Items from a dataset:
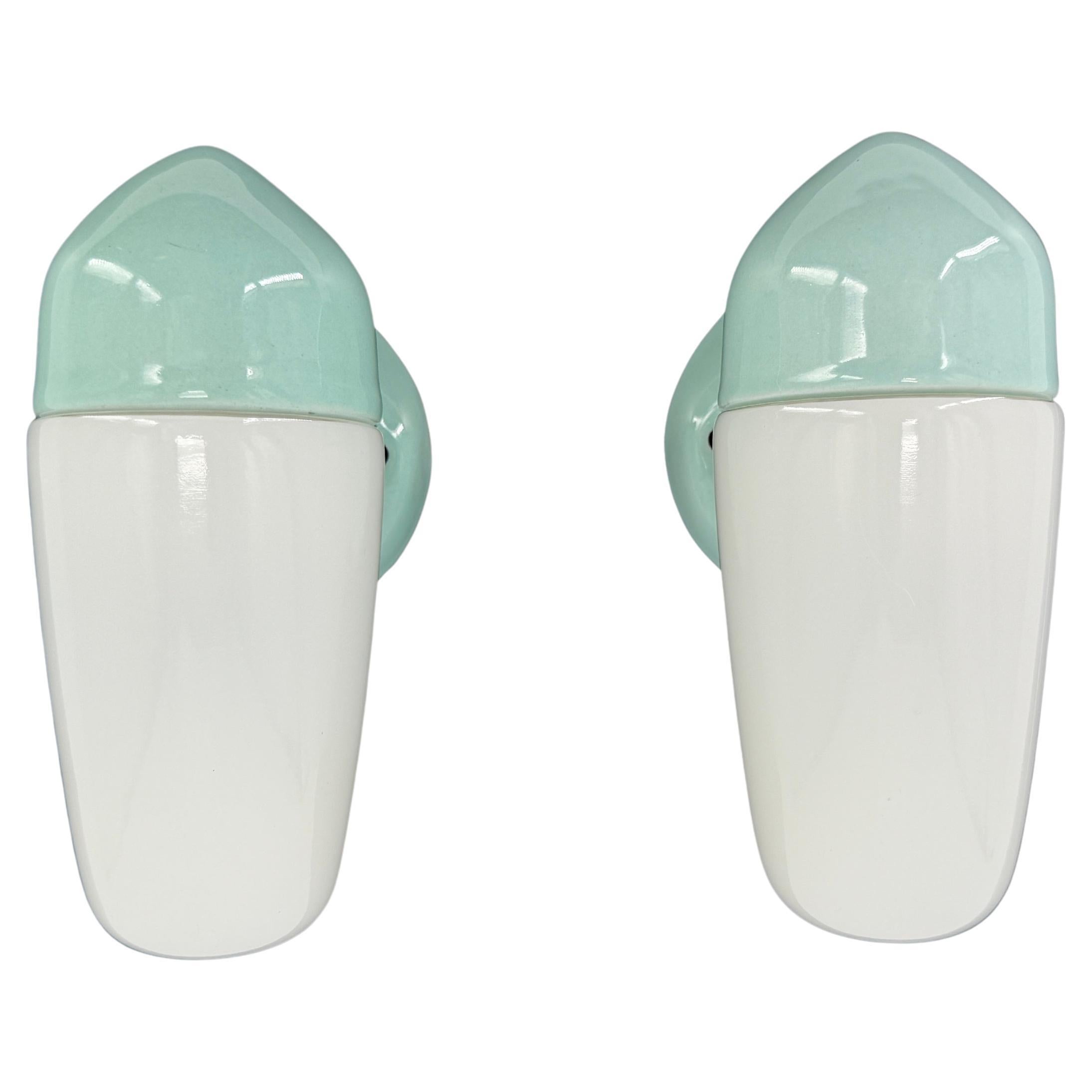 A Midcentury Modern double socket wall lamp/sconce dating back to the 1950s, designed by Wilhelm Wagenfeld. Its form resembles a zeppelin or cigar, crafted from porcelain with a white glaze and topped with two white opaline glass shades. Executed by Linder Wandleuchten in Germany, this piece offers two E14 light sources and is preserved in very good condition. The lamp has a built-in switch, but it can be easily removed if you prefer to use it without. It has been rewired for modern use. Ideal for various settings, it is especially well-suited for bathrooms or as a vanity mirror light.
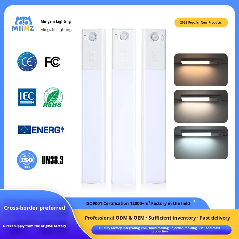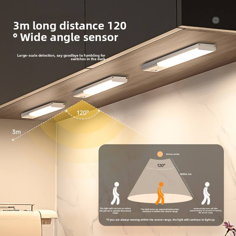 Tira de luz LED con Sensor de cuerpo humano automático inteligente, tira larga magnética recargable para armarios de luz, electrodomésticos de vino
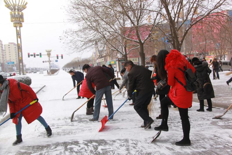 近日来,我市气温骤降,连续降雪,给道路交通及市民的出行带来诸多不便。根据市建设局的安排部署,1月5日下午我处组织职工对道路卫生包抓路段积雪进行清扫。虽然天气寒冷,但是职工不顾天寒路滑,齐心协力清理积雪,充分发扬了吃苦耐劳、顽强拼搏的战斗精神,大家团结协作,顶着寒风,干劲十足,把路面积雪打扫的干干净净,方便了行人和车辆的出行。职工们的扫雪身影也感染了路人,许多邻街的店铺工作人员也加入进来,自觉清理了门前积雪,为市民雪天安全行走提供了良好的环境。
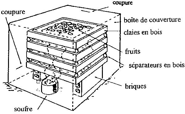 On peut construire une de soufrage peu coûteuse à partir d'une grande boîte en carton que l'on perce en plusieurs endroits pour permettre une bonne ventilation. Des claies de séchage peuvent être empilées en employant des espaceurs en brique ou en bois. Les claies doivent être complètement en bois car les vapeurs de soufre corrodent le métal. L'ensemble doit être placé à l'extérieur, de préférence à même le sol nu.
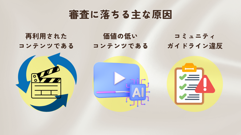 条件を一生懸命クリアしたのに、YouTubeの収益化審査に落ちてしまうこともあります。審査に落ちても絶望する必要はありません。原因を理解し、改善すれば再申請が可能です。
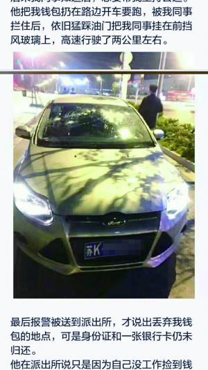 現(xiàn)代快報記者從小蓮提供的照片上看到,撿到錢包的男子駕駛的是一輛白色福特轎車。據(jù)介紹,對方意識到情況不對后,將錢包扔在路邊準備駕車逃跑,“我同事就追他,抓住他轎車的雨刮器,當(dāng)時為了讓他停下來,確實是砸了他擋風(fēng)玻璃的!毙∩彿Q,該男子被同事攔住后,“依舊猛踩油門把我同事掛在前擋風(fēng)玻璃上,高速行駛了兩公里左右!
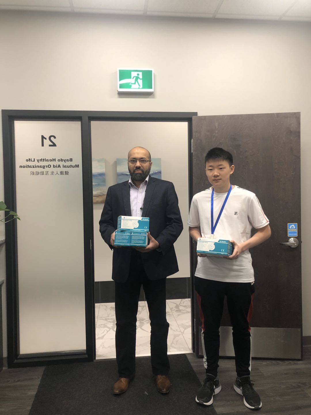 54、5月1日捐助Saskatoon Society for the Protection of Children萨斯卡通儿童保护机构和Saskatoon Crisis Nursery萨斯卡通危急儿童保护中心医用口罩5500个、外科口罩500个:

EXERCISE
Repeat the data above word for word, without pictures.

WRITTEN ANSWER
 A Midcentury Modern double socket wall lamp/sconce dating back to the 1950s, designed by Wilhelm Wagenfeld. Its form resembles a zeppelin or cigar, crafted from porcelain with a white glaze and topped with two white opaline glass shades. Executed by Linder Wandleuchten in Germany, this piece offers two E14 light sources and is preserved in very good condition. The lamp has a built-in switch, but it can be easily removed if you prefer to use it without. It has been rewired for modern use. Ideal for various settings, it is especially well-suited for bathrooms or as a vanity mirror light.
 Tira de luz LED con Sensor de cuerpo humano automático inteligente, tira larga magnética recargable para armarios de luz, electrodomésticos de vino
 近日来,我市气温骤降,连续降雪,给道路交通及市民的出行带来诸多不便。根据市建设局的安排部署,1月5日下午我处组织职工对道路卫生包抓路段积雪进行清扫。虽然天气寒冷,但是职工不顾天寒路滑,齐心协力清理积雪,充分发扬了吃苦耐劳、顽强拼搏的战斗精神,大家团结协作,顶着寒风,干劲十足,把路面积雪打扫的干干净净,方便了行人和车辆的出行。职工们的扫雪身影也感染了路人,许多邻街的店铺工作人员也加入进来,自觉清理了门前积雪,为市民雪天安全行走提供了良好的环境。
 On peut construire une de soufrage peu coûteuse à partir d'une grande boîte en carton que l'on perce en plusieurs endroits pour permettre une bonne ventilation. Des claies de séchage peuvent être empilées en employant des espaceurs en brique ou en bois. Les claies doivent être complètement en bois car les vapeurs de soufre corrodent le métal. L'ensemble doit être placé à l'extérieur, de préférence à même le sol nu.
 条件を一生懸命クリアしたのに、YouTubeの収益化審査に落ちてしまうこともあります。審査に落ちても絶望する必要はありません。原因を理解し、改善すれば再申請が可能です。
 現(xiàn)代快報記者從小蓮提供的照片上看到,撿到錢包的男子駕駛的是一輛白色福特轎車。據(jù)介紹,對方意識到情況不對后,將錢包扔在路邊準備駕車逃跑,“我同事就追他,抓住他轎車的雨刮器,當(dāng)時為了讓他停下來,確實是砸了他擋風(fēng)玻璃的!毙∩彿Q,該男子被同事攔住后,“依舊猛踩油門把我同事掛在前擋風(fēng)玻璃上,高速行駛了兩公里左右!
 54、5月1日捐助Saskatoon Society for the Protection of Children萨斯卡通儿童保护机构和Saskatoon Crisis Nursery萨斯卡通危急儿童保护中心医用口罩5500个、外科口罩500个:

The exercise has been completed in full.